CIT (Appeals) as well as the Tribunal after detailed discussion came to the conclusion that such requirement was not mandatory in nature. In the present case, the assessee had completed the construction well before the last date, namely 31st March 2008 and had also sold several units which was completed and actually occupied, and it also applied for BU permission to the local authority. The local authority, however, for technical reasons, at one stage rejected such application in the year 2006 and thereafter upon revised efforts from the assessee granted the same by order dated 19th March 2009.

We have perused the detailed discussion of the CIT(Appeals) as well as the Tribunal on the issue. IN particular, the Tribunal noted that the construction was completed in 2006. Application for BU permission to the Municipal authorities was filed on 15-02-2006 which was rejected on 1-07-06. Several residential units were occupied since the same was done without necessary permission. The assessee had done without necessary permission. The assessee had also paid penalty and got such occupation regularised. Several tenements were sold long before the last date.

In the present case, therefore, the fact that the assessee had completed the construction well before 31st March 2008 is not in doubt. It is, of course, true that formally BU permission was not granted by the Municipal Authority by such date. It is equally true that explanation to clause (a) to section 80IB(10) links the completion of the construction to the BU permission being granted by the local authority. However, not every condition of the statute can be seen as mandatory. If substantial compliance thereof is established on record, in a given case, the court may take the view that minor deviation thereof would not vitiate the very purpose for which deduction was being made available.

In the present case, the facts are peculiar. The assessee had not only completed the construction two years before the final date and had applied for BU permission.
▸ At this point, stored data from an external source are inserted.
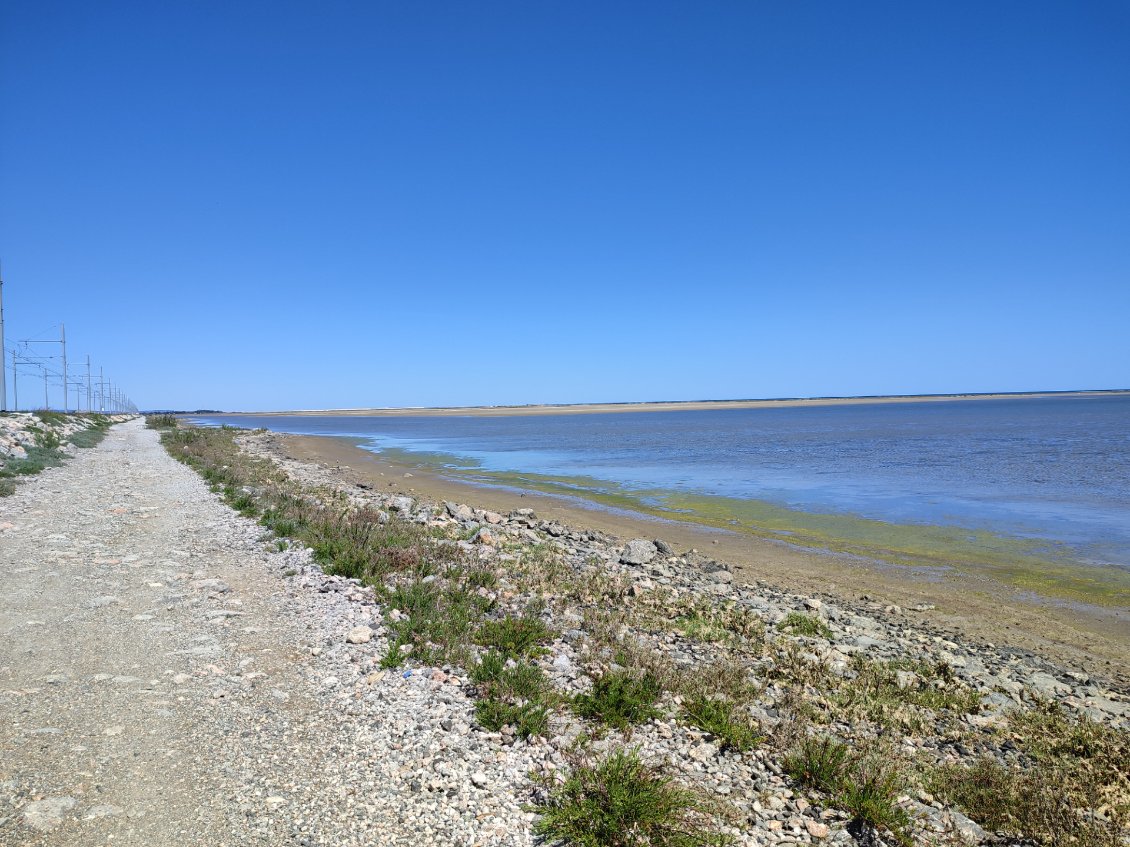 La plus longue étape du programme. Nuit en camping camarguais, moustiques compris, avec un tarp trempé d'humidité au matin. Le temps de faire sécher les affaires, départ à 8h20.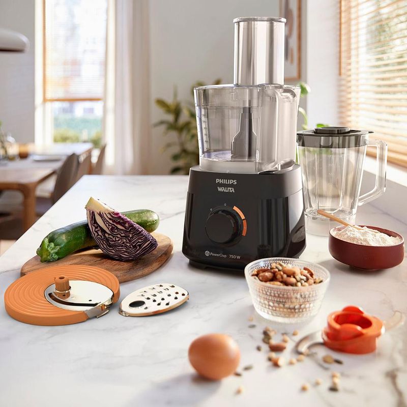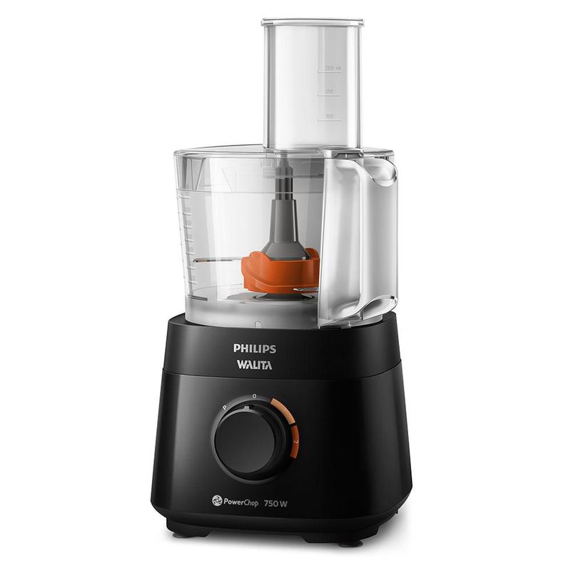 São 750W com 2 velocidades, mais pulsar. Função siga as cores para selecionar a velocidade pela cor dos acessórios, de forma simples e intuitiva! Jarra do Multiprocessador de 1,5L, com tampa medidora. 4 acessórios: Jarra de liquidificador 2L*, Lâmina para ralar, Lâmina para fatiar e Faca processadora PowerChop, exclusiva tecnologia que combina 2 lâminas com ângulos de corte perfeito, muito mais fino e preciso. Assim é possível preparar diversas receitas. Totalmente livre de BPA. Cabo retrátil, compacto e fácil de armazenar. Experimente fazer sempre o seu melhor com Philips Walita!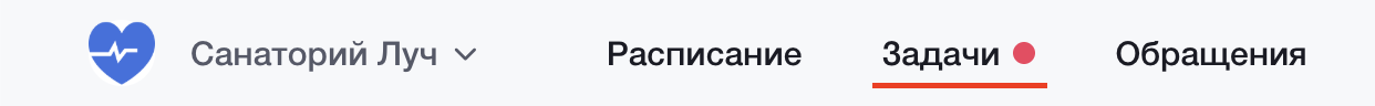 Раздел Задачи находится в навигационной панели в верхней части экрана. Раздел позволяет смотреть приемы и задачи, назначенные на любую дату или диапазон дат. Красная точка у кнопки раздела означает, что на сегодня есть незавершенные задачи. Из раздела можно перейти к любому протоколу. Когда все протоколы оформлены, красная точка исчезает. |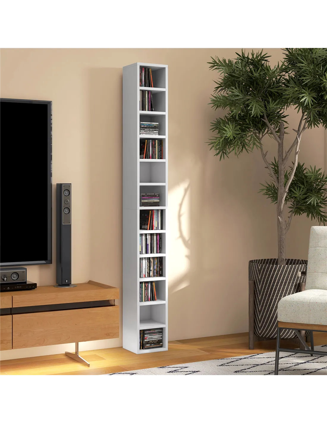 HOMCOM 204 CD Tall Narrow Media Storage Tower - White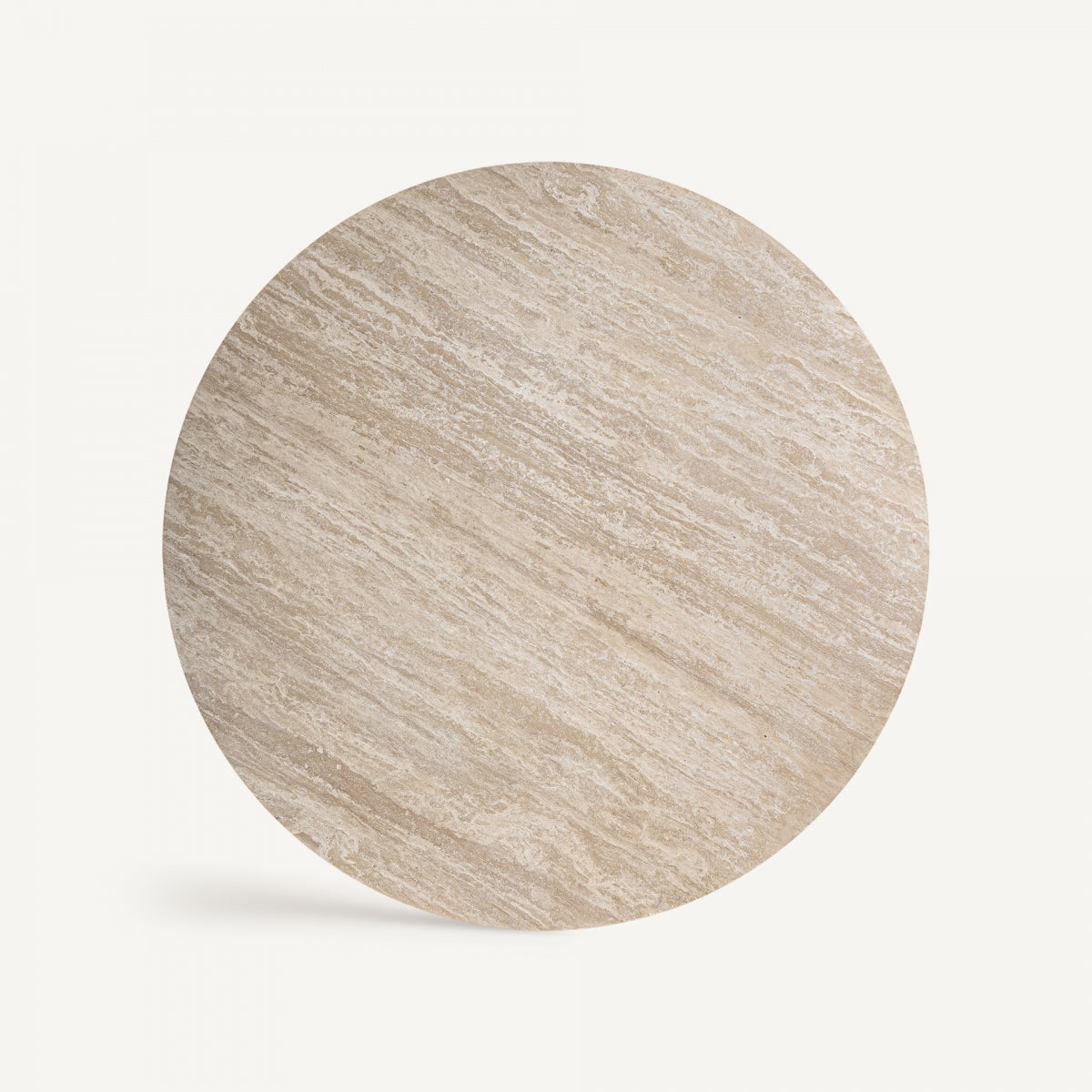 Made of travertine in beige, combined with gold stainless steel with a old finish. Product detachable.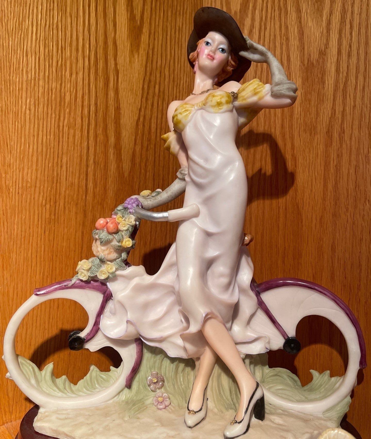 "The Angelica Collection" Lady Walking Her Bicycle 18T w/ Ceramic High Heeled Shoes

Such BU permission was not rejected on the ground that construction was not completed, but the some other technical ground. In that view of the matter, granting benefit of deduction cannot be held to be illegal.

In the result, the Tax Appeal is dismissed".

20.3. We find the Pune Bench of the Tribunal in the case of Hindustan Samuha Awas Ltd. Vs. ITO vide ITA Nos 945 to 950/PN/2010 order dated 30-08-2011 has held as under :

"7. We have considered the above view points of the parties in disputed. We find that it is a fact that the assessee through its architect had filed application with the AMC for issuance of occupancy certificate on 25-3-2008. Requisite fee was also paid by the assessee in this regard. AMC did not raise any objection to the said completion certificate of the Architect. The occupancy certificate dt.10- 10-2008 has been issued by the AMC only on the basis of the said application dt.25-3-2008. It is also an undisputed fact that issuance of occupancy certificate is the prerogative of the local authority i.e. AMC and in this regard, the assessee has no control and it is beyond the power of the assessee to make the AMC issue the said Completion/Occupancy certificate before 31.3.2008. What was under the power and control of the assessee was only to move the AMC for completion certificate fulfilling all the requirements with the AMC for issuance of occupancy certificate, which the assessee has done in the present case. Thus, the delay in 31 issuing the occupancy certificate cannot be attributed on the part of the assessee to deny the claimed deduction u/s 80IB(10) of the act on the basis that the project was not completed by 31-3-2008, especially when there is no objection raised by the AMC regarding deviation in the construction of the project approved by the AMC.
8. We have gone through the orders cited by the assessee's representative and find relevant paragraphs are required to be extracted for completion of the order. They are as follows.
A. Extract from the decision of the Tribunal in the case of M/s. Satish Bora & Associates vide ITA Nos. 713 & 714/pn/2010 "19. .......
1. In the case of PMC, the completion certificate in prescribed form issued by the licensed architect etc. who has supervised the construction is furnished with four sets of completion plan under Rule 7.6 of the DC Rules of the PMC. Thereafter PMC is required to return one of the sets duly certified as Completion Plan to the owner along with the issue of full Occupancy Certificate after inspection of the work under Rule 7.7 of the DC Rules. Since Explation (ii) to Section 80IB(10)(a) of the I.T. Act requires Completion Certificate issued by the local authority to be taken as the date of Completion of the Construction, a general understanding in our view is that a Completion Certificate which is issued by the local authority after conducting inspections of construction by it. In case of PMC, it is only Occupancy Certificate which is issued alongwith certified completion plan after inspection of the construction by it, we have treated the date of issuance of such Occupancy Certificate alongwith Certified Completion plan as the date of Completion Certificate of the construction for the requirement of Explanation (ii) to Section 80IB(10)(a) of the I.T. Act.
2. Since infact PMC do not issue Occupancy Certificate generally in time and with this understanding the Legislature have also introduced a deeming provision of 21 days to put constraint upon PMC, we after detailed deliberation in precedign paragraphs have come to a conclusion that in case of small objections of PMC raised after expiry of deeming period of 21 days under Rule 7.7 of DC Rules under PMC, the date when the applicant acquired deeming sanction will be treated as the date of Completion (occupancy) Certificate to meet out the requirement of Explanation (ii) to Section 80IB (10)(a) of the Act. We have already discussed hereinabove what would be the small objections. In brief those objections which do not affect the main project and are generally temporary constructions.
20. We thus while setting aside orders of the authorities below direct the A.O to allow the claimed deduction u/s. 80IB(10) of the I.T. Act 1961 in the assessment years under consideration treating the required date of completion of construction of the housing project as the date when above discussed deeming provision period of 21 days expired i.e. 20.11.20."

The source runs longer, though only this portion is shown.